Pat Kirkham kirkham@bgc.bard.edu
Bard Graduate Center for the Study of the Decorative Arts, Design and Culture, New York

Andrew Stephenson A.P.Stephenson@uel.ac.uk
University of East London

The session investigates the relationship between art and design practices and other types of visual and material culture in European and North American cities in the 1920s and 1930s. Its aim is to examine the overlaps between art, design and fashion and other visual forms, notably in photography, film and advertising, in order to develop suggestive and innovative ways of approaching and evaluating the complexity of cultural production within these decades.

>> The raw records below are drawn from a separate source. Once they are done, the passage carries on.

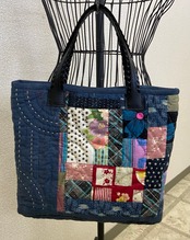 和洋どちらの装いにも合う、華やかなバッグです。藍色のベースに赤やピンクを交えたシンプルな長方形をピースワークしました。セットには持ち手が含まれます。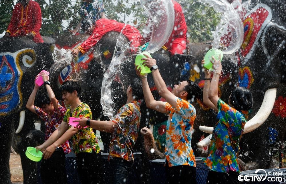當(dāng)?shù)貢r(shí)間2023年4月11日,泰國大城府,大象與游客相互潑水,歡度潑水節(jié)。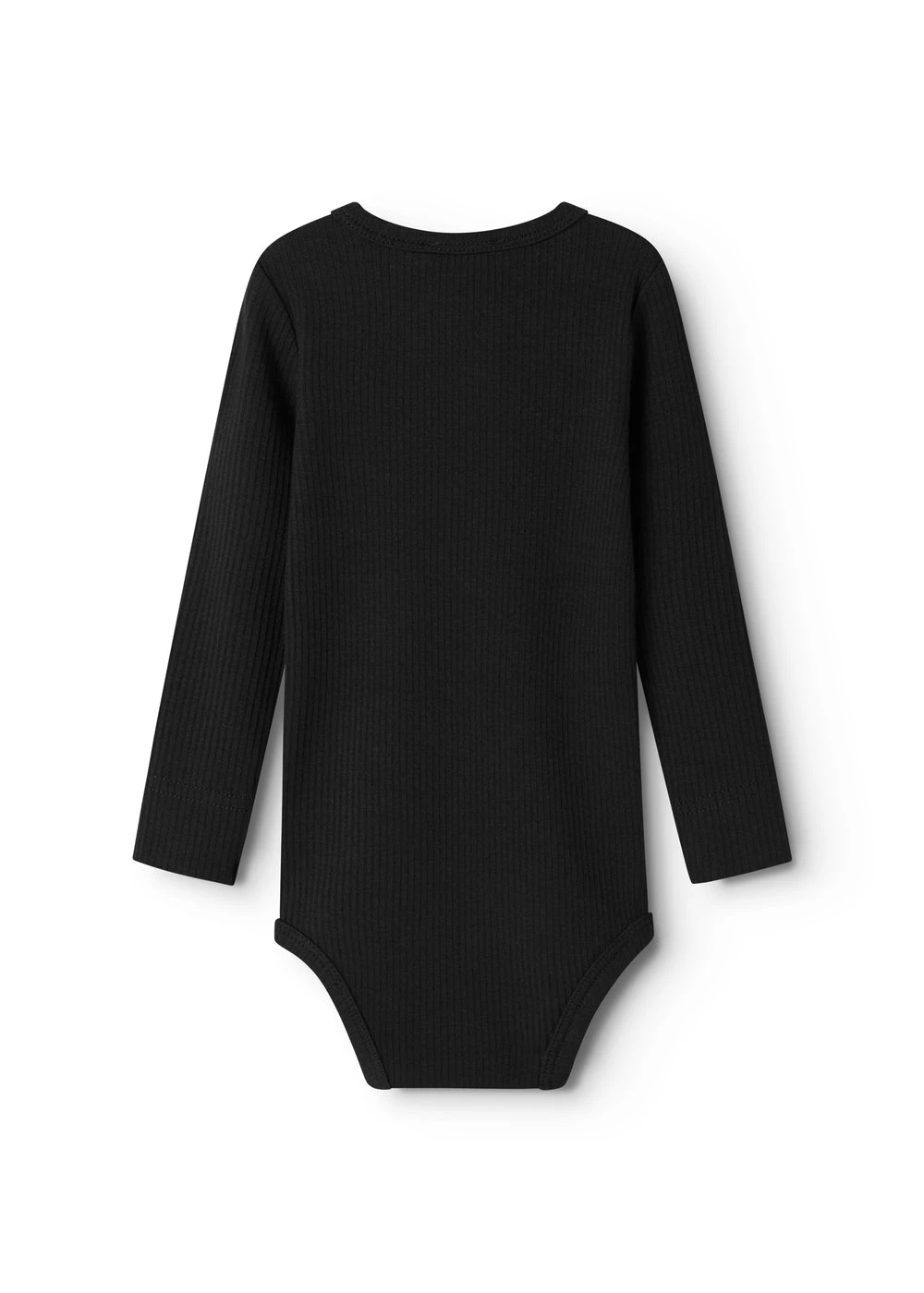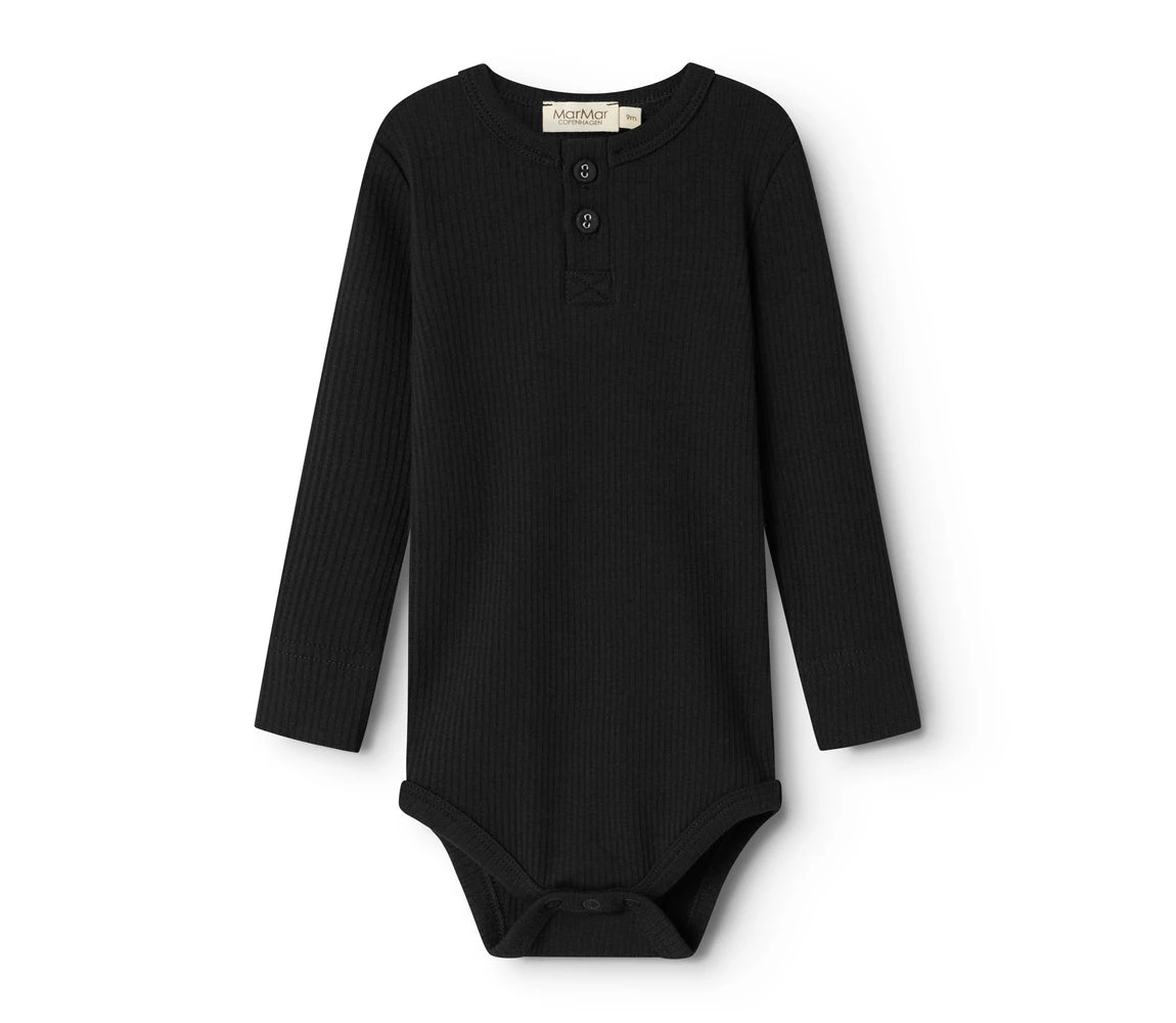 Long-sleeved baby modal bodystocking with placket button closure that is closed with snaps between the legs for easy diaper changes.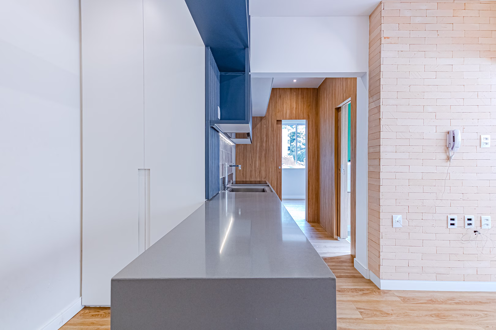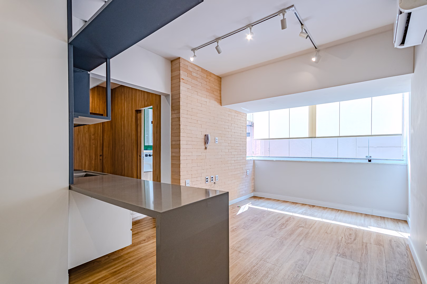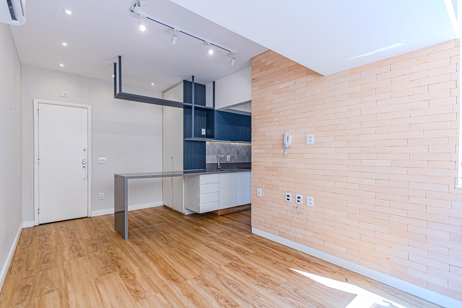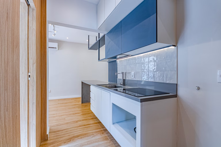 A sala é integrada à cozinha, deixando o ambiente mais amplo e acolhedor.
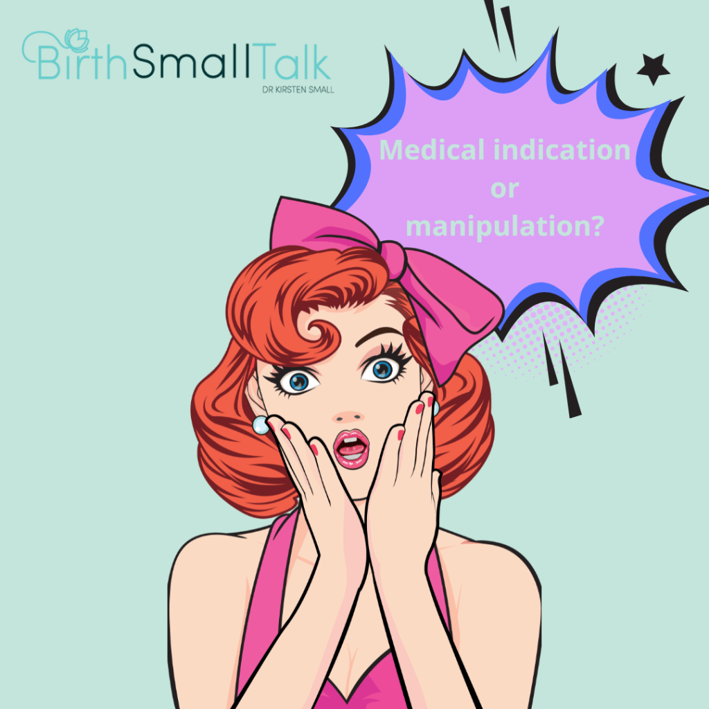 The idea I want to bring out into the daylight, is how the concept of something being medically indicated can be used to manipulate women’s decision making. A medical indication is typically something that makes a certain plan of care advisable, and is used to explain and justify that choice. For example, having severe preeclampsia is a medical indication for induction of labour. I have written before about that way the list of medical indications is created is somewhere on a spectrum between being written on tablets of stone, handed down to new doctors by a supreme being on a mountain top – to being completely made up on a whim.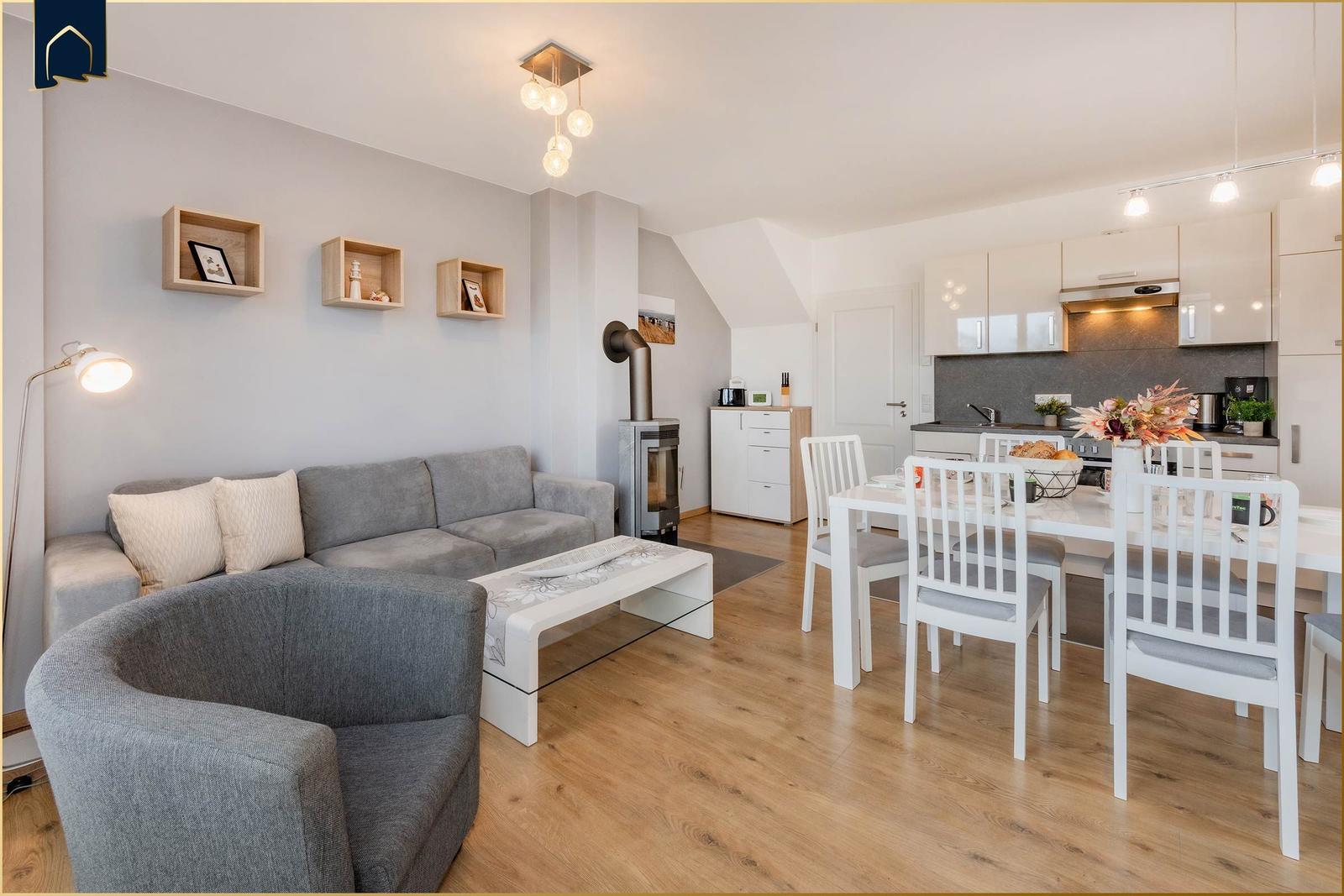 Das Wohnzimmer mit Kamin oder Kachelofen, TV und HiFi-Anlage schafft eine gemütliche Atmosphäre. WLAN sorgt für ständige Verbindung. Die Wohnung ist allergikergeeignet und verfügt über einen Parkplatz sowie eine Waschmaschine. Ein Wasserkocher, Toaster und Staubsauger sind ebenfalls vorhanden, um den Aufenthalt noch angenehmer zu gestalten.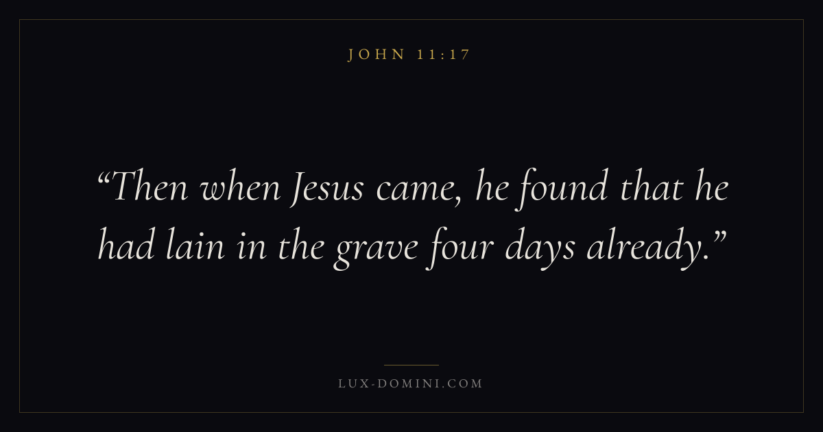 Then when Jesus came, he found that he had lain in the grave four days already.

First, it opens up the connections between visual and material culture (practices, theories and discourses) in the inter-war years and considers how these linkages across art, architecture, fashion, film and photography might be re-examined in the light of recent critical theory and research. Second, it evaluates in what ways the dynamic intersections of visual technologies prominent in the mass media restructured and envisaged new forms of metropolitan experience and cosmopolitan identity for visually sophisticated European and North American audiences. And third, it seeks to re-conceive discipline-based boundaries by enlisting inter-disciplinary approaches that encourage a more searching examination of these compelling and intoxicating modes of consumption that heralded the modern metropolis as a visual culture replete with 'real' and 'imagined' social worlds, communities and performative identities.